(Beginning of Data block)

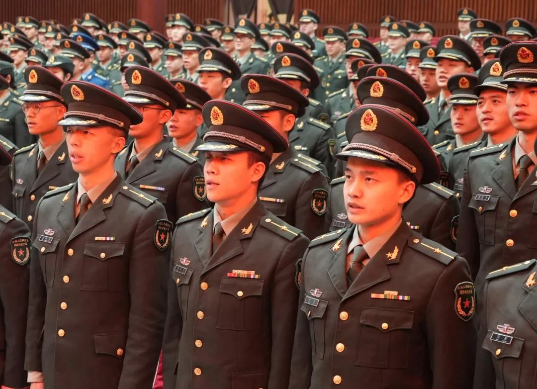 在雄壮的军乐声中,全体新授衔学员重温入伍誓词,他们举起右拳,庄严宣誓,眼神中充满了坚毅与自豪,胸膛中怀揣着使命与担当,铮铮誓言响彻整个会场。
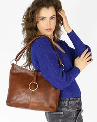 Skórzana torebka damska shopper bag worek brązowy - MARCO MAZZINI v201c
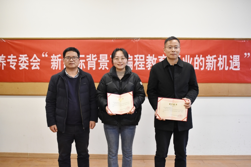 专委会贡献奖会员表彰环节中,授予学会信息素养专委会副主任、宁海县金阳小学科创主任王大财,学会信息素养专委会秘书长、宁波开放大学专业负责人王少华,宁波市镇海区博海培训学校孙鹏等3位个人会员“信息素养专委会特殊贡献奖”荣誉,由学会信息素养专委会主任郁大鹏为以上会员颁发证书;授予宁波灵创教育科技有限公司、宁海未来教育科技有限公司、余姚市艺高机器人教育培训学校、鑫珂(宁波)科技有限公司、象山童心智造科技培训有限公司、宁波未来号教育科技有限公司、宁波维乐城教育信息咨询有限公司、创趣芯宸文化传播有限公司、宁波镇海海文科技培训有限公司、宁波森创信息科技有限公司、宁波码粒奥编程培训有限公司、宁波蓝豚信息科技有限公司等12家团体会员“信息素养专委会特殊贡献奖”荣誉,由学会信息素养专委会副主任王大财、林铁刚、信息素养专委会秘书长王少华为以上会员颁发证书。
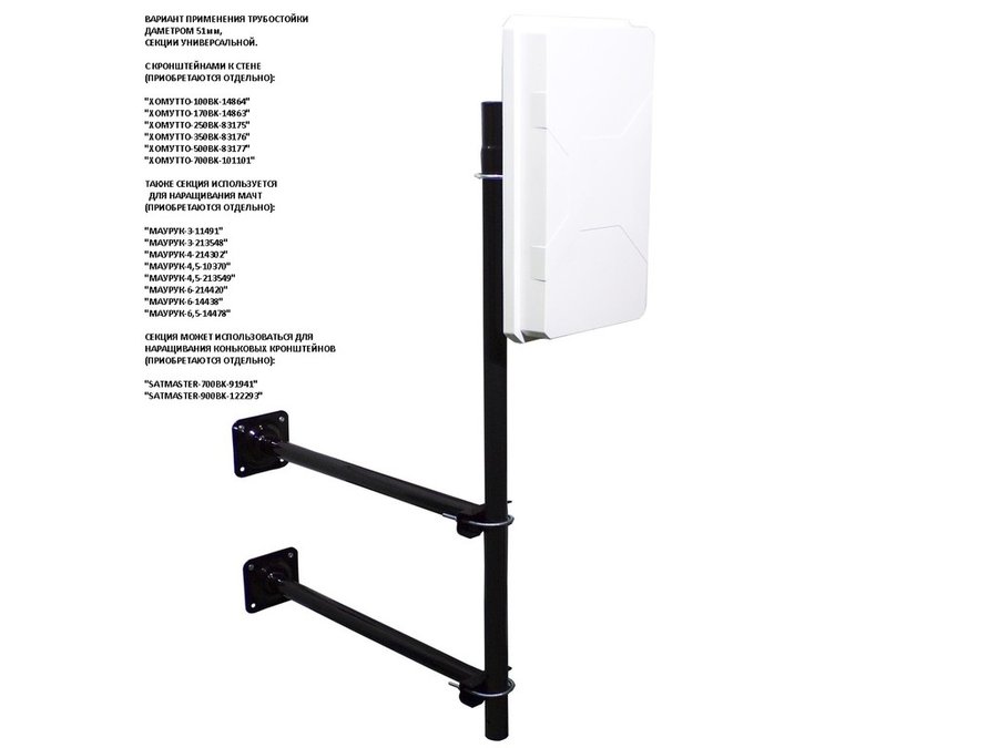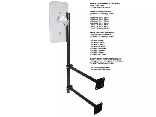 • Данную секцию можно использовать в качестве как нижнего звена мачты , т.к. в нижней части секции есть отвестия для установки подпятника, так и в качестве среднего или верхнего звена за счёт наличия болта для фиксации звена к звену на одном конце секции и обжатия трубы на другом конце. Также применяется с кронштейнами "ХОМУТТО"  для крепления к стене и на торец крыши анттенн, также подходит для коньковых кронштейнов серии "SATMASTER-700", "SATMASTER-900".

(End of Data block)

Every line from the one containing "专委会贡献奖会员表彰环节中,授予学会信息" through the last line of the data, both included, is to be repeated exactly; the pictures are to be left out.

Reply to the task:
 专委会贡献奖会员表彰环节中,授予学会信息素养专委会副主任、宁海县金阳小学科创主任王大财,学会信息素养专委会秘书长、宁波开放大学专业负责人王少华,宁波市镇海区博海培训学校孙鹏等3位个人会员“信息素养专委会特殊贡献奖”荣誉,由学会信息素养专委会主任郁大鹏为以上会员颁发证书;授予宁波灵创教育科技有限公司、宁海未来教育科技有限公司、余姚市艺高机器人教育培训学校、鑫珂(宁波)科技有限公司、象山童心智造科技培训有限公司、宁波未来号教育科技有限公司、宁波维乐城教育信息咨询有限公司、创趣芯宸文化传播有限公司、宁波镇海海文科技培训有限公司、宁波森创信息科技有限公司、宁波码粒奥编程培训有限公司、宁波蓝豚信息科技有限公司等12家团体会员“信息素养专委会特殊贡献奖”荣誉,由学会信息素养专委会副主任王大财、林铁刚、信息素养专委会秘书长王少华为以上会员颁发证书。
 • Данную секцию можно использовать в качестве как нижнего звена мачты , т.к. в нижней части секции есть отвестия для установки подпятника, так и в качестве среднего или верхнего звена за счёт наличия болта для фиксации звена к звену на одном конце секции и обжатия трубы на другом конце. Также применяется с кронштейнами "ХОМУТТО"  для крепления к стене и на торец крыши анттенн, также подходит для коньковых кронштейнов серии "SATMASTER-700", "SATMASTER-900".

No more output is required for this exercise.